PPL delivers record results with revenues up 8%

PPL delivers record results with revenues up 8%

PPL generated revenues of £272.6 million in 2022, a year-on-year increase of 7.8%.

It marks the highest level of revenue in the licensing company’s 89-year history. The news comes as PPL hosts more than 100 international music executives in London this week for the AGM of SCAPR, the global trade body for organisations managing performers’ rights.

PPL licenses the use of recorded music when it is played in public or broadcast on radio and TV, both in the UK and internationally. Its 140,000 members include independent and major record companies, as well as session musicians, up-and-coming acts and globally renowned artists, including Ellie Goulding, Gregory Porter, Becky Hill, Emeli Sandé and Ella Henderson.

Peter Leathem, PPL chief executive officer, said: “The eyes of the world were upon the UK this weekend as we hosted Eurovision, one of the biggest celebrations of music there is. At PPL, we are proud to stand up for the music rights of our members, both in the UK and internationally, ensuring they receive payment for the use of their recorded music, which plays an important role in our everyday lives as we hear it on radio, TV and in public places.

“Today’s record financial results see PPL’s revenues reach their highest level in our 89-year history. These results are a testament to the quality of the team, the technology and our data at PPL; but that is nothing without the creativity and hard work of our members, who create the millions of high quality recordings being enjoyed by fans everyday.   

“In 2022 I am delighted that we paid over 165,000 performers and recording rights-holders – more than ever before – providing a stable and valuable source of income in a recovering and fast-moving industry. Thank you to all those who worked with us at PPL last year to deliver a record year and, more importantly, to keep getting music people paid.”

Ellie Goulding said: “To make music for a living is an honour and privilege. Knowing that your investment in the creative process will be fairly rewarded when your songs are enjoyed around the world is so important in ensuring you can continue and grow as an artist. Thanks to all at PPL who make that happen.”

These results are a testament to the quality of the team, the technology and our data at PPL

Peter Leathem

Public performance revenue

Revenues from the use of recorded music in public places increased significantly in 2022, growing by 39.8% to £100.8 million. This also represented an increase on the company’s pre-pandemic public performance revenues of £99.6 million.

Covid forced the closure of many businesses and organisations which use music to engage their employees and customers, prompting a pause in licensing payments. The collection of these revenues is conducted by Leicester-based PPL PRS Ltd, a joint venture between PPL and PRS For Music.

Research conducted by Attest in January 2023 on behalf of PPL PRS Ltd shows that 85% of people agree that playing background music in a business makes customers feel more comfortable and relaxed, while 84% agree that playing background music creates a better customer experience.

Broadcast revenues 

PPL’s revenues from the licensing of recorded music for radio, TV and online use increased by 8.4% year-on-year to reach £94.0 million. 

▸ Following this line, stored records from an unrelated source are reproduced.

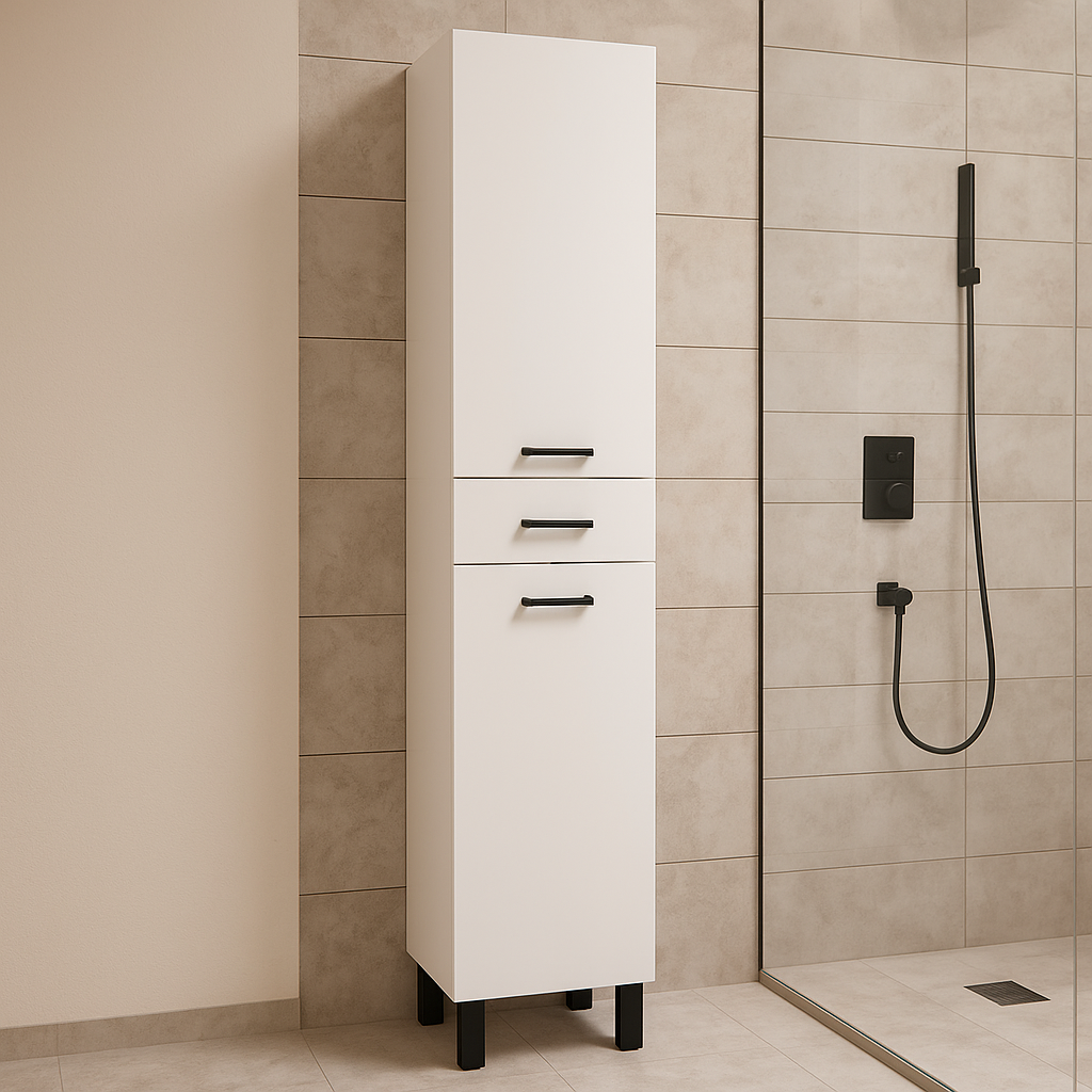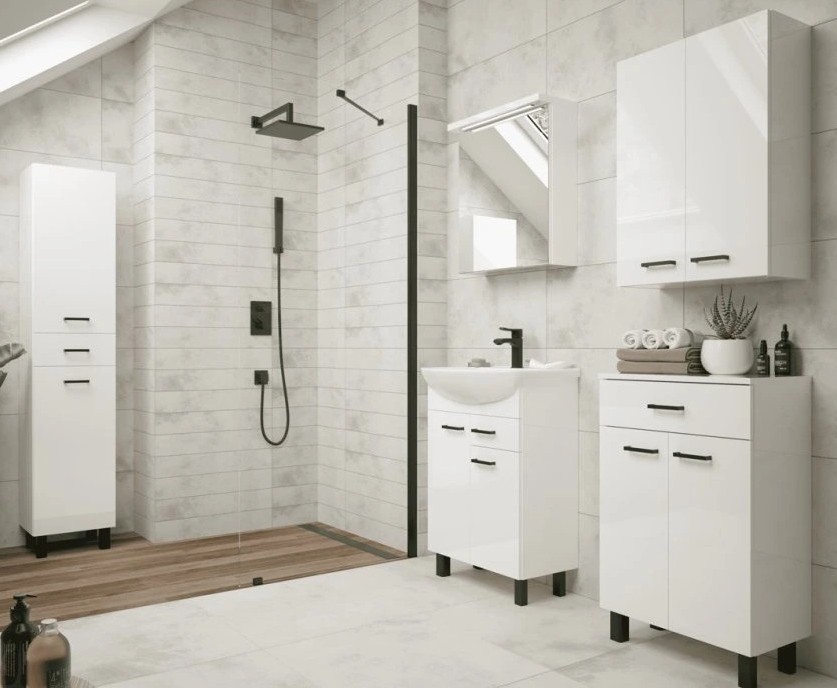Objavte kúpeľňovú kolekciu NOVELTY v elegantnom bielom lesku, ktorá do vášho interiéru prinesie moderný štýl a sviežosť. Skrinky s jemnou lesklou povrchovou úpravou nádherne odrážajú svetlo a opticky zväčšujú priestor. Doprajte svojej kúpeľni nádych luxusu a čistoty, ktorý pôsobí nadčasovo a harmonicky. Zariaďte si kúpeľňu štýlovo s basic kolekciou NOVELTY.
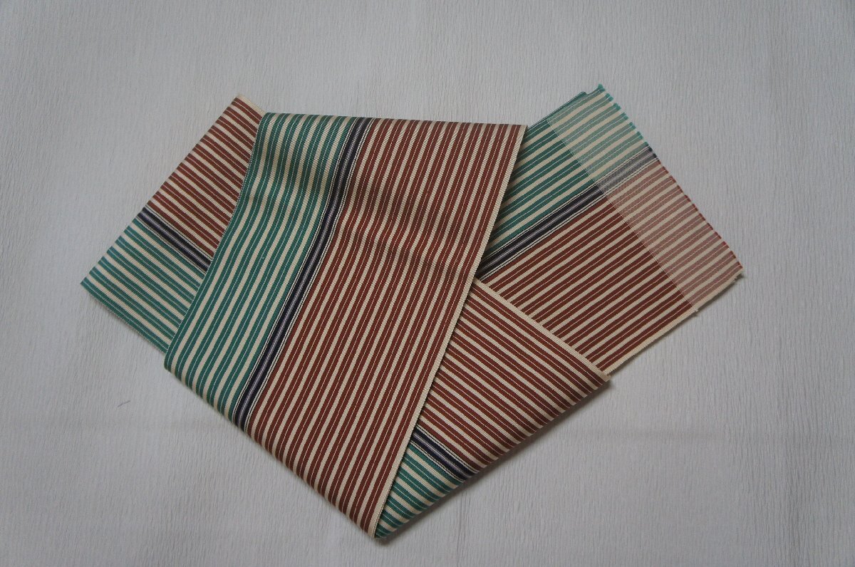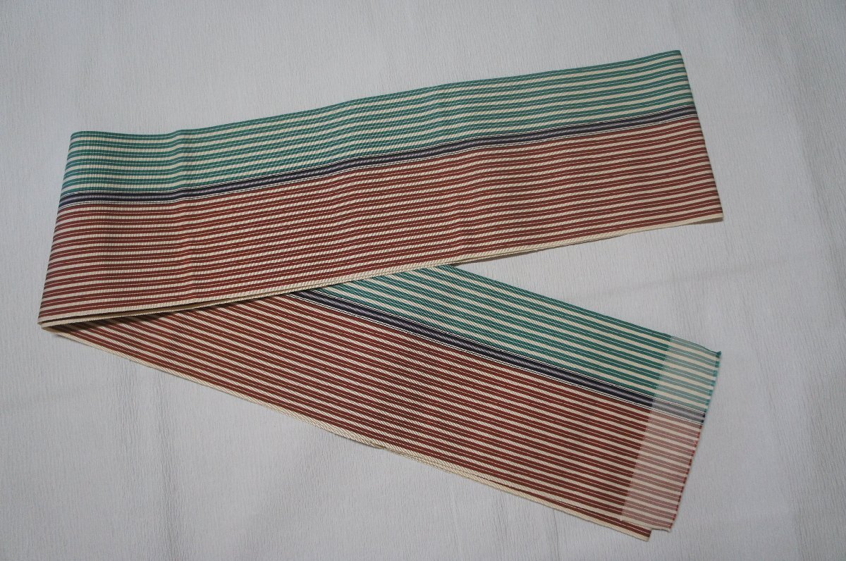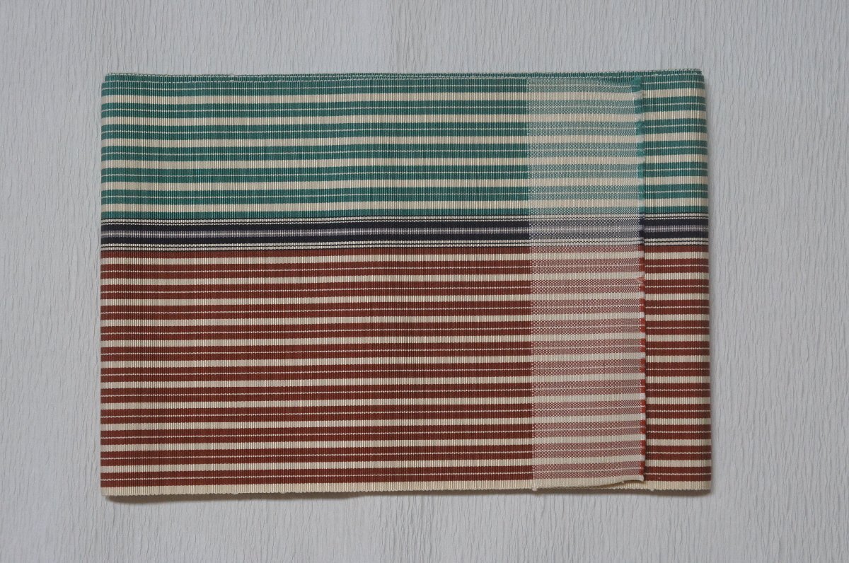 帯柄附全通柄 本筑博多織アイボリー色緑青色茶色グレー色濃紺色地縞模様
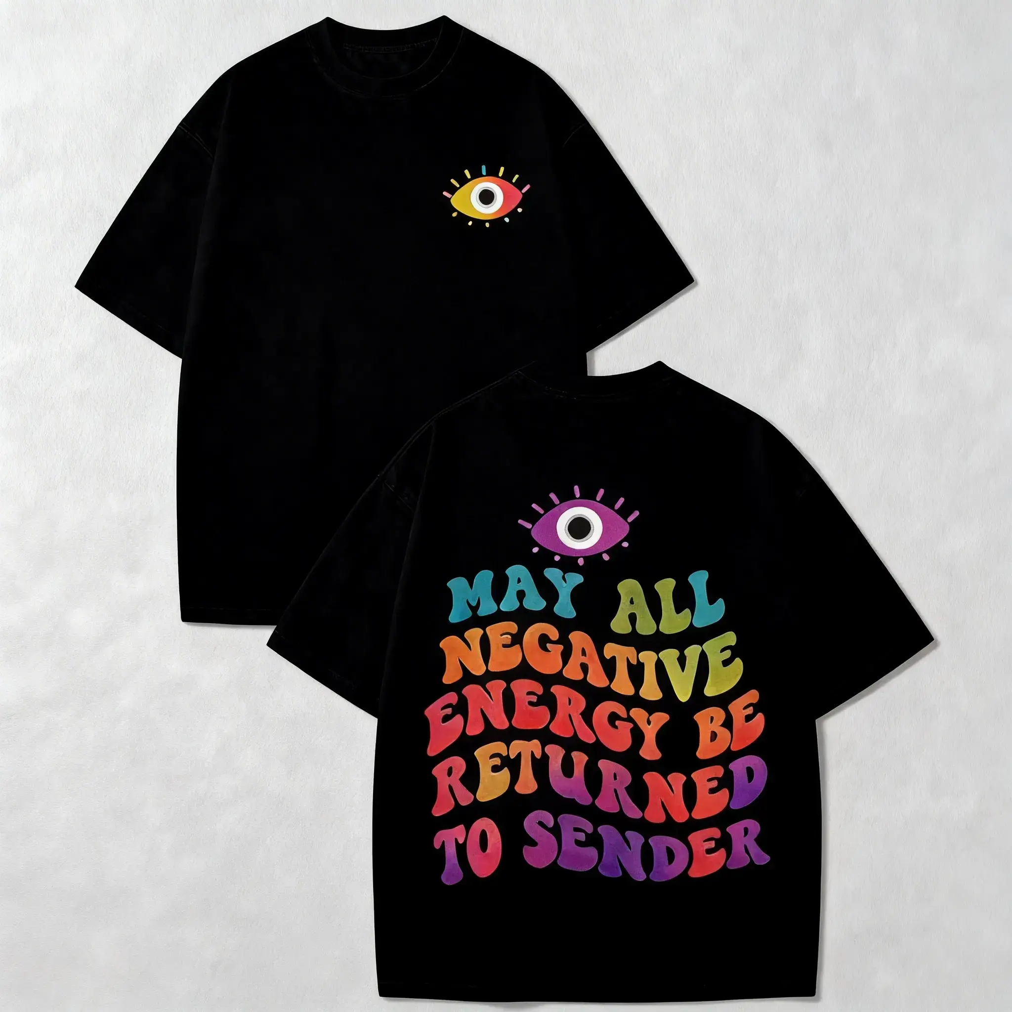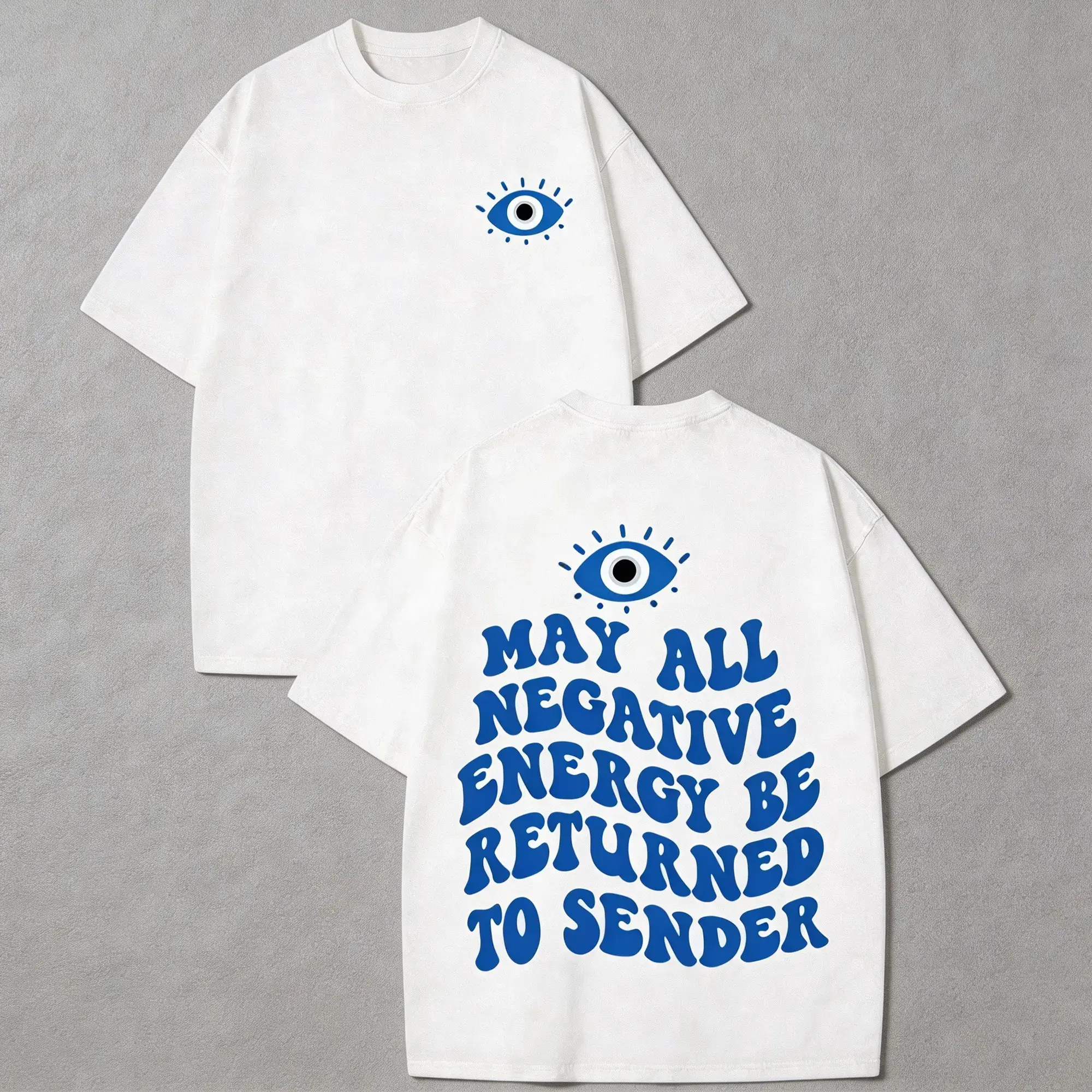 May All Negative Energy Be Returned To Sender Evil Eye Graphic T-Shirt, Vintage Oversized Retro Boho Aesthetic Tee, Spiritual Protection Positive Affirmation Streetwear Top for Men Women, Manifestation Gift & Spiritual Apparel

New multi-year deals with expanded rights granted were agreed with major TV broadcasters including the BBC (for both its public service and commercial activities), ITV and Channel 4, enabling them to broaden their offerings to users on services such as BBC Sounds, BBC iPlayer and ITVX. PPL continued to develop its international webcast licensing, including a new multi-territory licence for Polaroid Radio.

International royalties 

PPL’s international revenues in 2022 reached £77.8 million, declining by £16.2 million on 2021. 

Revenue from past periods (for instance, radio airplay more than two years old) continued to make up a significant proportion of the international income collected. However, year-on-year, the proportion of revenue collected for past periods declined, due to the work undertaken by collective management organisations in speeding up their distribution paythrough. 

Remaining Covid-19 restrictions also continued to impact revenue worldwide. The company has 109 agreements in place with its counterparts in 49 territories globally to aid the collection of these monies – more agreements than any other neighbouring rights business.

PPL continues to work in collaboration with peers around the world to encourage the adoption of centralised industry tools to improve data quality and exchange.

The growth in revenues and international agreements resulted in a record number of musicians and recording rights-holders being paid royalties. More than 165,000 of received payment for the use of their music in the UK and around the world. 

“This new high represented an increase of 12.6%, up from 146,000 in 2021, and has been significantly supported by PPL’s investment in cutting edge technology in a data-driven industry,” said a statement. “The company is a pioneer in the management of metadata, driving forward greater knowledge and understanding across the industry of who performs on or owns the rights to a specific recording.”

PPL’s Repertoire Database now holds the details of approximately 24 million recordings, with over 45,000 being added on average every week.

PPL developed and operates RDx, the data exchange hub for communicating authoritative data about recordings and their ownership from record companies to collective management organisations. The organisation also took a lead in integrating with data management tools such as Session, of which ABBA’s Bjorn Ulvaeus is a co-founder, to improve the flow of contributor data out of the recording studio. 

At the end of 2022, PPL penned a deal with Gracenote, which helps to provide greater accuracy to the performer line-up in PPL’s data set.